I have had the same problem but my problem was that I created a table, I didn't even realise I did, selecting a few columns (usually selected to the end of the worksheet). So when I tried to add a row, it was imposible because I already had maximum rows. Don't know how I realised that but problem was fixed by deleting the unused rows, creating more space to add them back in (anywhere you want).

@laura_protzman To remove some no used columns or rows first, then you can easily move or insert any columns or row.


Best regards,

C. C. Hsieh

@laura_protzman This is because you created a table wiht an infinite number of rows.

When creating a table in Excel, follow these steps:

1) give names to your header columns in the first, headers row

2) select only the header row and one additional empty row below

3) click on 'Insert table'

4) save the file


This should make your flow work.


Thanks Ryan. I struggled with this for a while. Googled and no obvious fixes. Then saw your note. Yes! Makes perfect sense. No wonder the Format Table utility ran so long!

Thanks - that worked for me too, although in my case I had selected all rows, e.g. "$A:$D", and thus Excel is not able to insert a new row by moving the others down. The error message is a little unintuitive here. Anyway resizing to "$A$1:$D$150" fixed it :)
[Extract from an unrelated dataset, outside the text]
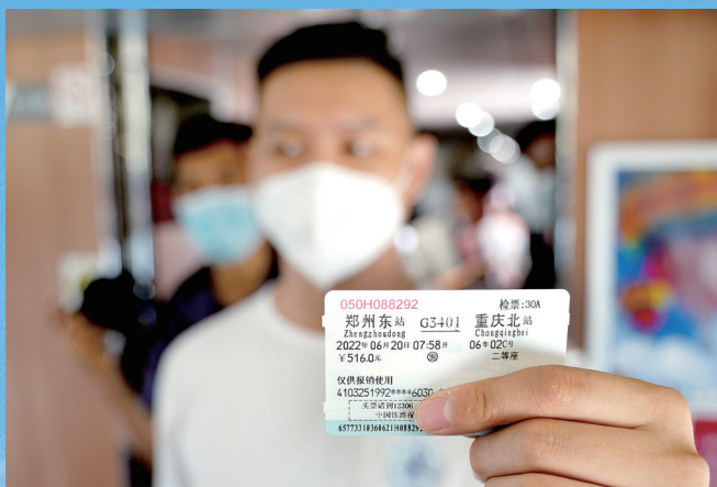
买张票,重庆走起

Thank you, this was a great work-around for a stubborn problem.  The error message is understandable, but the workarounds are not always so intuitive.  So, thank you for the RESIZE option!

Actually, it makes perfect sense that any table change that shifts some, but not all, of another table's cells would be problematic.  Just surprised there is no option to add free rows or columns between tables so the operation can be performed if the table is only bringing in vacant cells in vacant rows or columns (and not really expanding into other tables), which is what the resize option technically does to overcome the problem.

Another anomaly is that this message is also displayed even when you are NOT CHANGING the size of the table.  For example, when you are moving or repositioning columns, which doesn't change the table dimensions, you are annoyingly prevented from doing so by this message.  Presumably, because some cells might be temporarily shifted or displaced in another table during the operation.

It would be nice if Excel was smart enough to, at least, accommodate row and column moves which don't change the table dimensions.  This problem creates real nightmares for worksheets with a variety of non-conforming dimensions.

@RyanPD , thanks SOOOOOOOO much. Too many rows selected for my table. Now sorted.